In our patient, progressive non-fluent aphasia was the initial symptom. However, HDLS leads to various clinical phenotypes and prognoses (19). Personality and behavioral changes are usually the common initial symptoms in HDLS. To our knowledge, only three cases with CSF1R mutations have been reported to exhibit difficulties in expressing words or impaired verbal fluency as the initial symptom [ (20-22); (Table 2)]. In all HDLS patients, aphasia has been categorized as motor aphasia. Lee et al. (21) described a case with progressive non-fluent aphasia and hypometabolism in the bilateral putamen and cortical areas as indicated by 2-deoxy-2-[fluorine-18]-fluoro-D-glucose positron emission tomography (18F-FDG-PET) integrated with CT (21). In our case, SPECT indicated hypoperfusion dominantly on the right side of the frontal and parietal lobes. Previous studies have reported the presence of diffuse hypometabolism in the frontal and parietal areas using PET, or frontotemporal or frontoparietal hypoperfusion using 99-Tc-ethyl cysteinate dimer (99mTc-ECD) single-photon emission CT (3,23,24). Patients with CSF1R mutations may, therefore, predominantly demonstrate functional decline in the frontal lobe, which is in line with a previous finding (4). Further studies are needed to assess the relationship between verbal symptoms and frontal lobe dysfunction in patients with CSF1R mutations.

Table 2.

Cases with CSF1R Mutations Presenting with Progressive Verbal Non-fluency as an Initial Symptom.

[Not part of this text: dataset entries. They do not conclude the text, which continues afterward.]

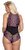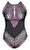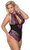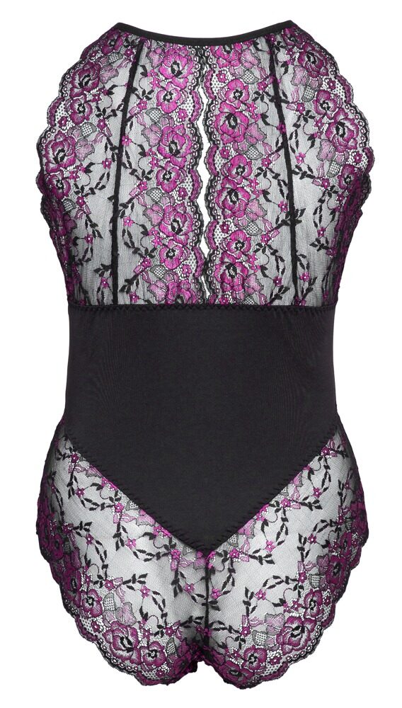 Transparent body from Cottelli CURVES made out of floral lace in two different colours. There is also an opaque insert around the waist. There is a large cut-out at the front and the back. There is a clip fastener at the front of the neck. The briefs part can be opened in an erotic way thanks to the press studs over the crotch.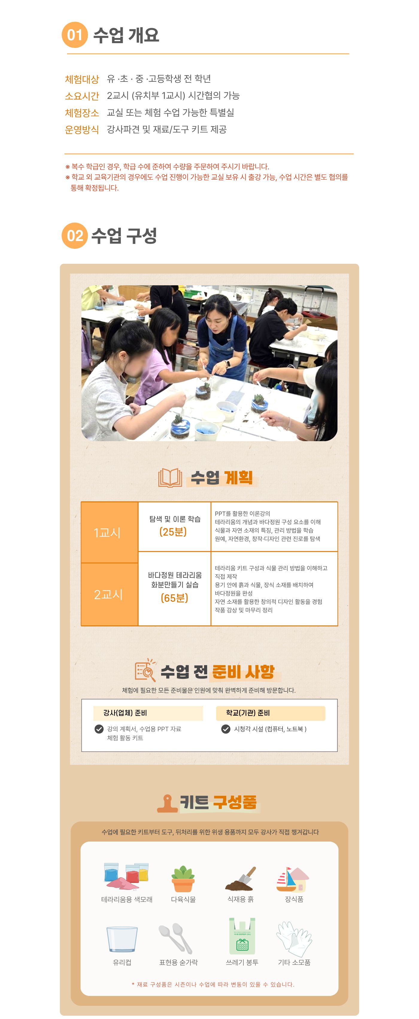| 수업목표 | 테라리움 생태 원리를 이해하고, 테라리움 만들기 |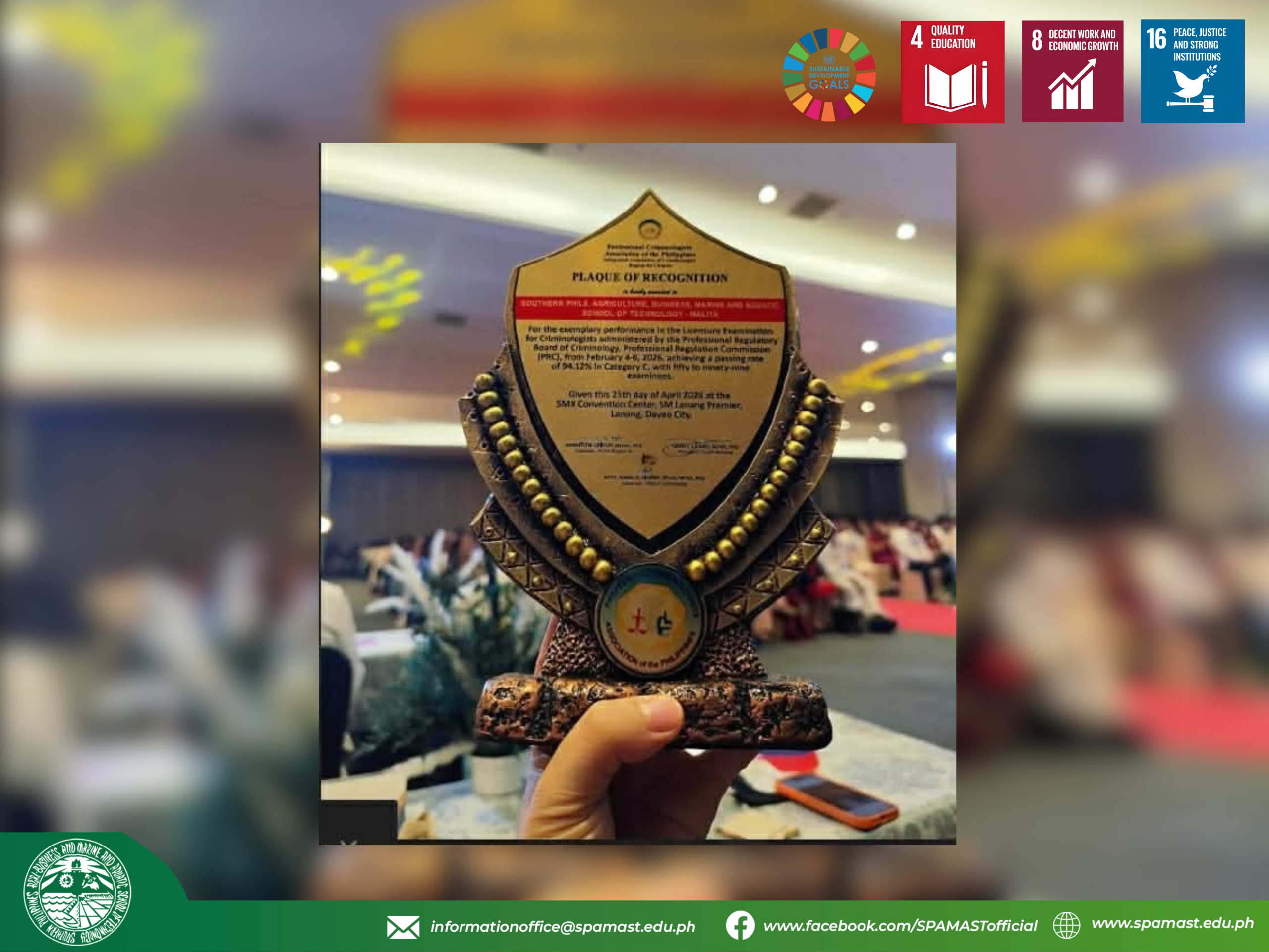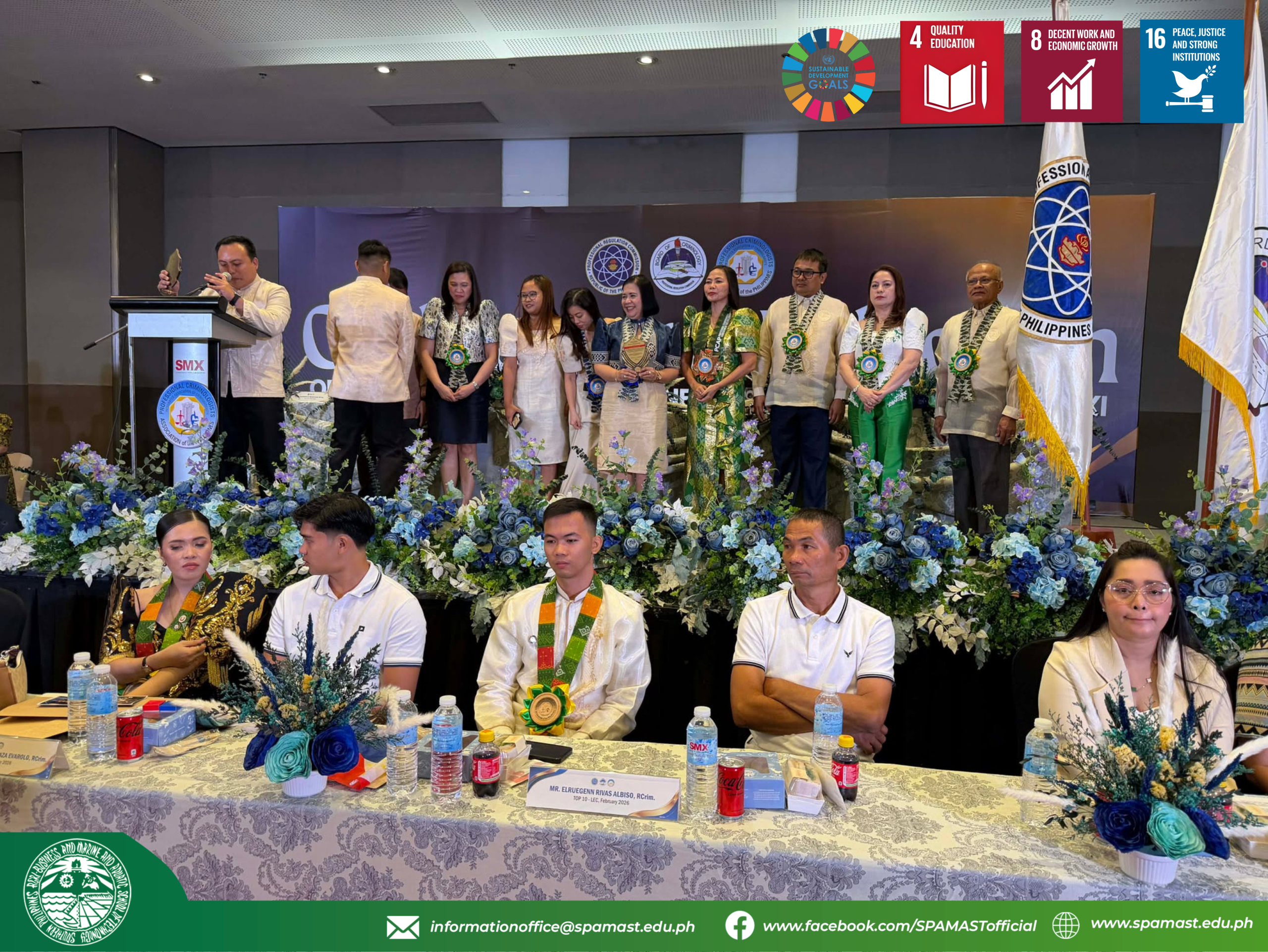 DAVAO CITY — Newly licensed criminologists and incoming members of the Philippine College of Criminology Alumni (PCAP) formally took their oath during a regional induction ceremony held on April 25, 2026, at the SMX Convention Center, SM Lanang Premier. The event highlighted academic excellence and professional commitment, with the Southern Philippines Agri-Business and Marine and Aquatic School of Technology (SPAMAST) emerging as one of the top-performing institutions nationwide. Representing the institution, Dr. Lynette A. Bontia, the SPAMAST President, received the Plaque of Recognition alongside Dr. Jonel Mark Sarno, Dean of the Institute of Human Service, in acknowledgment of SPAMAST’s outstanding performance in the recent Criminologist Licensure Examination.

Reference	20	21	22	Our case
Gender	Male	Female	Male	Female
Gene analyisis of CSF1R	p.R782G	c.2442+1 G>T	p.E664K	p.G589R
Age at onset	57	47	56	47
Initial symptom	Slurred speech and difficulty finishing sentences	Imaired verbal fluency	Word finding difficulty	Difficulty of words expression
Type of aphasia at onset	Motor aphasia	Transcortical motor aphasia	Motor aphasia	Transcortical motor aphasia
Apraxia	+	-	-	+
Cognitive decline	+	+	+	+
Leukoencepahlopathy in the dep white matter on brain MRI	+	+	+	+
Hypoperfision regions in brain PET/SPECT	NA	Hypoperfusion in thalamus and diffuse cortical area	NA	Bilaterally hypoperfusion in the frontal and parietal lobes.

In conclusion, we herein described a patient with early-onset cognitive decline and a CSF1R mutation who initially presented with aphasia. Interspersed calcification in the frontal subcortical white matter is a decisive finding in making a diagnosis for HDLS and subjecting patients to genetic testing for CSF1R mutations.

The authors state that they have no Conflict of Interest (COI).